When Hunting Hearts, an “unapologetically queer punk band” from the South of England hit the ground running during their first year together, recording an EP and touring through multiple gay Prides, as well as Northamptonshire’s Queer Spirit Festival, they were met with an excited fan base, eager for more.
There are so few punk bands whose LGBT identities remain at the forefront of what they do. Hunting Hearts is a group centered around representation for queer people in the music scene, and in bassist Devin Jay Valentine’s words, “until it’s normal, we will be loud about who we are and what we do.”
Meet Beck, Lucy, Devin, and Matthew aka Hunting Hearts. #GAYNRD‘s Cole Hayes spoke to the band.
How did you all come together?
Beck: The concept for Hunting Hearts started back in 2018. I reached out to Devin and said, “do you know any LGBT musicians” and I think we had our first rehearsal in October. Then, the first rehearsal we had was right next to Lucy’s local shop. So, Devin and I had known Lucy through other means and met up outside the studio.
Lucy: As Beck said, we sort of met up through serendipitous circumstances outside the local shop and a week or two later, I showed up at their rehearsal after responding to their Facebook post.

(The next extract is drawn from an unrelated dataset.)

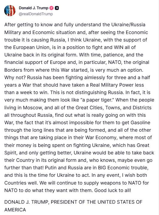 «После того, как я полностью понял военную и экономическую ситуацию между Украиной и Россией, а также увидел экономические проблемы, которые она создает для России, я считаю, что Украина при поддержке Европейского Союза находится в позиции, чтобы бороться и ВЫИГРАТЬ, вернув все свои земли», — написал Трамп.

Lucy explains she hadn’t played in a while and ended up borrowing one of Beck’s old Ibanez’s. Needless to say, the rehearsal went well and Lucy was there to stay. But, if you’ve ever been in a band, you know how difficult it can be to find a drummer.
For little while, the band worked with a drummer from another group while recording their EP Pride Not Prejudice.
Beck: We were like, wow! In order to bring these songs to life live, we’re gonna need a drummer.
Devin: We looked hard for a drummer but we wanted them to be a part of the LGBT community. But there are so few drummers to begin with. We had a few auditions and it just didn’t gel. Until we found Matthew.
Matthew: The idea would be to have someone who was LGBT and plays drums but I said, “Hey what about me?” They got back to me and said, “This could work.” The first rehearsal we had actually went really well and they said. “Wow, you can actually hold a beat!”
Beck teases by saying, “Oh you’re not a massive homophobe? Okay, you can stay!”
The band recognized that allies could also be included in the kind of people they were looking to work with, and so, Matthew came onboard.
Matthew: It was like jumping onto a moving train because the others had already gotten everything set up. Festivals, gay prides, all laid out for that summer so I had to learn the tracks as fast as possible.
What I dig about Hunting Hearts is how raw and true the band is, not only in their sound, but in who they are.
I love that you have, “unapologetically queer punk rock” written on your Facebook page. I feel like there aren’t a lot of artists that take on that strong identity. How has that energy been received by the audience?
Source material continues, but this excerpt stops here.